*** Opening AVAILABLE DATA ***
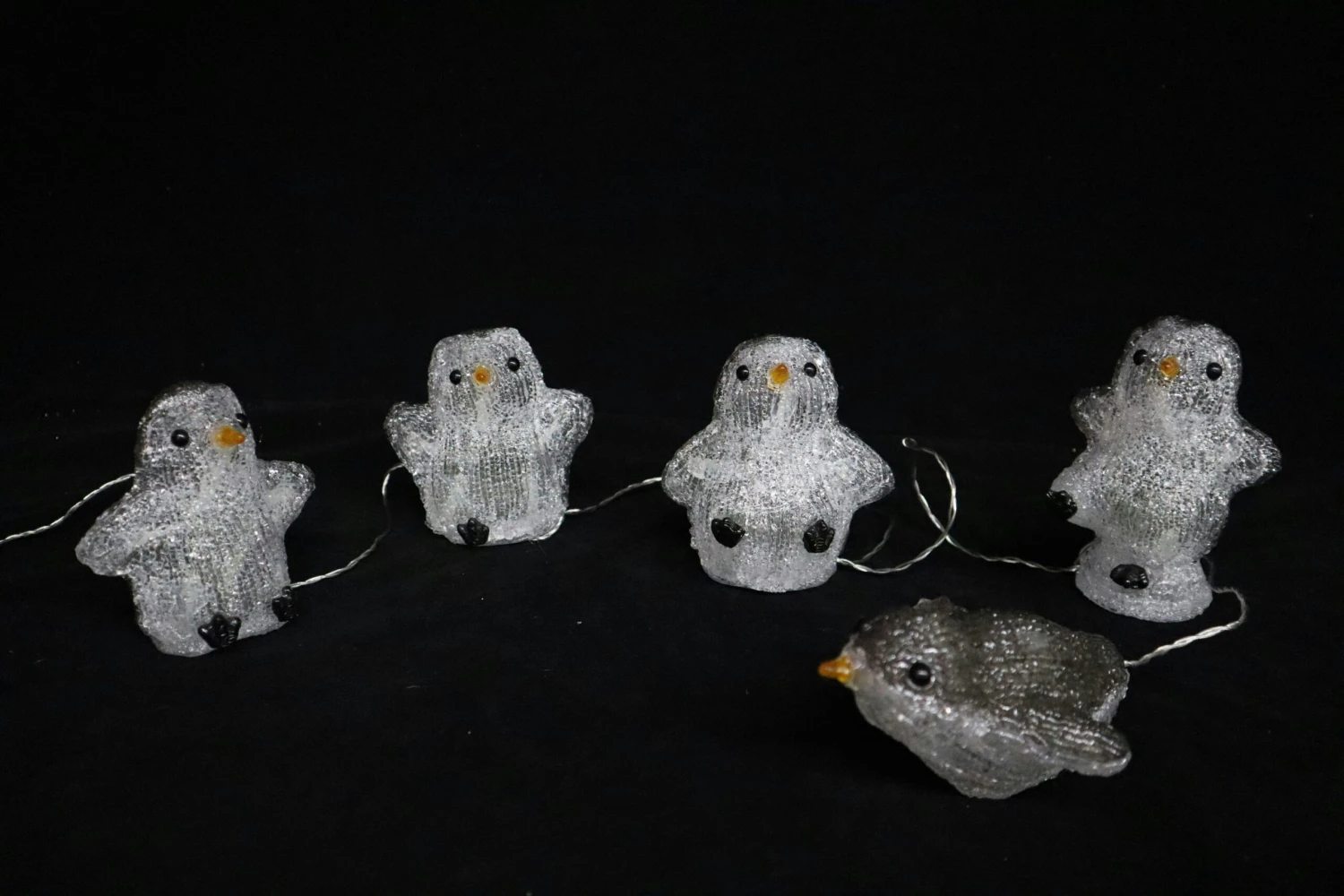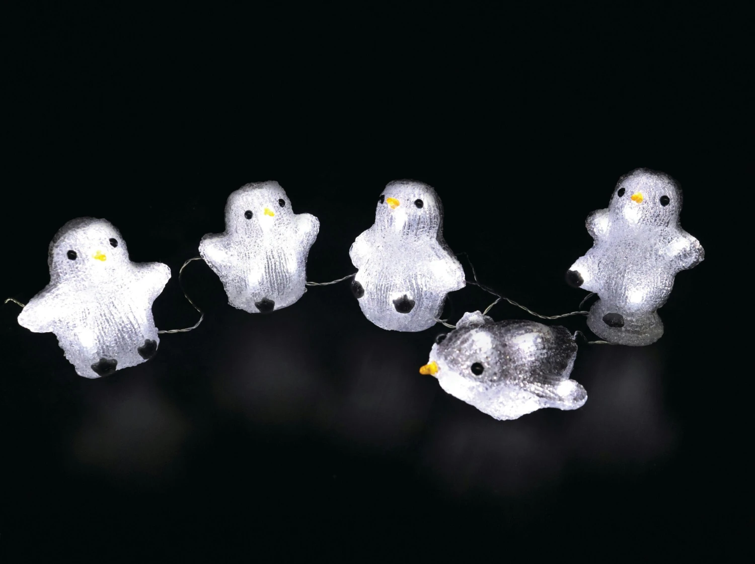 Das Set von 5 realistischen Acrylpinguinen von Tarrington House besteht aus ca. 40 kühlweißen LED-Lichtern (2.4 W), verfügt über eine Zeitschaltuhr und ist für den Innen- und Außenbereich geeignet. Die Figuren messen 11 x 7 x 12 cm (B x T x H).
*** Closing AVAILABLE DATA ***
*** Opening AVAILABLE DATA ***
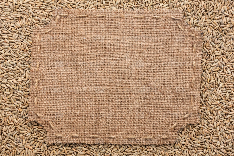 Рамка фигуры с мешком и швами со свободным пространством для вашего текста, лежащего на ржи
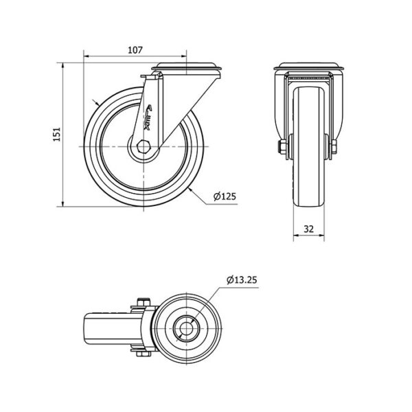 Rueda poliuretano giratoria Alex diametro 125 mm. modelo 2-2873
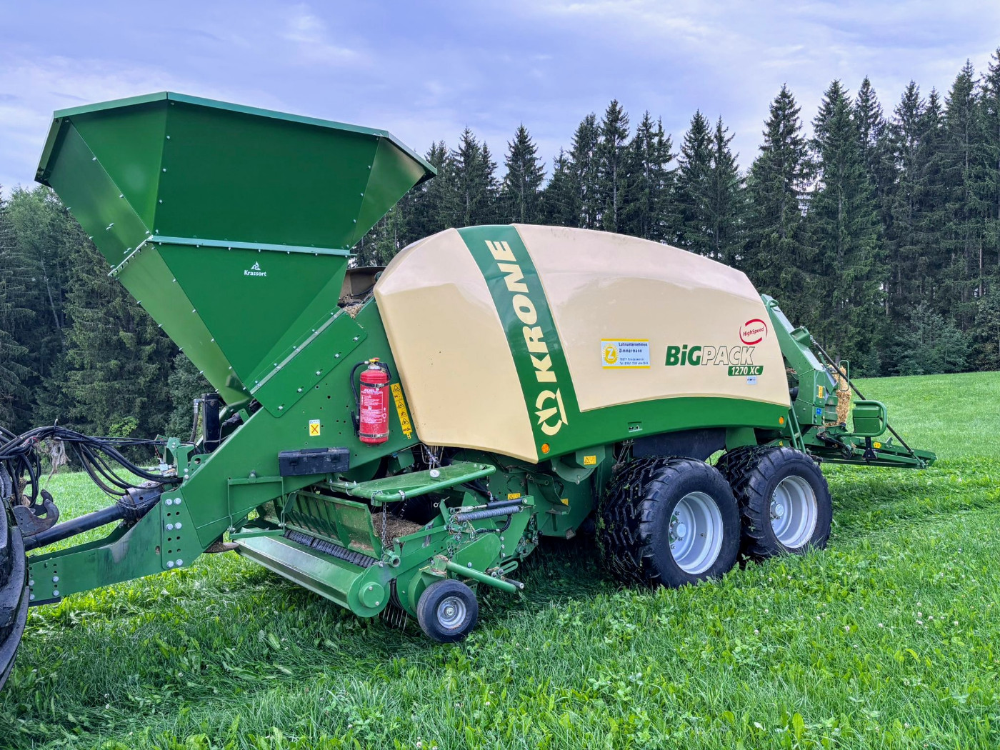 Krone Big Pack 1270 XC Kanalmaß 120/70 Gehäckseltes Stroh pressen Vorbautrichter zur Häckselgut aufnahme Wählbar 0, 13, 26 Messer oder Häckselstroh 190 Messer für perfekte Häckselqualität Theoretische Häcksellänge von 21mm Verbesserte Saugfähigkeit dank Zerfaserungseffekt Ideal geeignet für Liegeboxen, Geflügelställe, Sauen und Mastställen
*** Closing AVAILABLE DATA ***
*** Opening AVAILABLE DATA ***
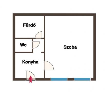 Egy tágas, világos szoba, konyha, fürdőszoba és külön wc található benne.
*** Closing AVAILABLE DATA ***
BRIEF -> Take the entries above and copy exactly the lines starting at the one with "Rueda poliuretano giratoria" and ending at the one with "Krone Big Pack"; nothing outside that span, and no pictures.

SOLUTION TO THE EXERCISE ->
 Rueda poliuretano giratoria Alex diametro 125 mm. modelo 2-2873
 Krone Big Pack 1270 XC Kanalmaß 120/70 Gehäckseltes Stroh pressen Vorbautrichter zur Häckselgut aufnahme Wählbar 0, 13, 26 Messer oder Häckselstroh 190 Messer für perfekte Häckselqualität Theoretische Häcksellänge von 21mm Verbesserte Saugfähigkeit dank Zerfaserungseffekt Ideal geeignet für Liegeboxen, Geflügelställe, Sauen und Mastställen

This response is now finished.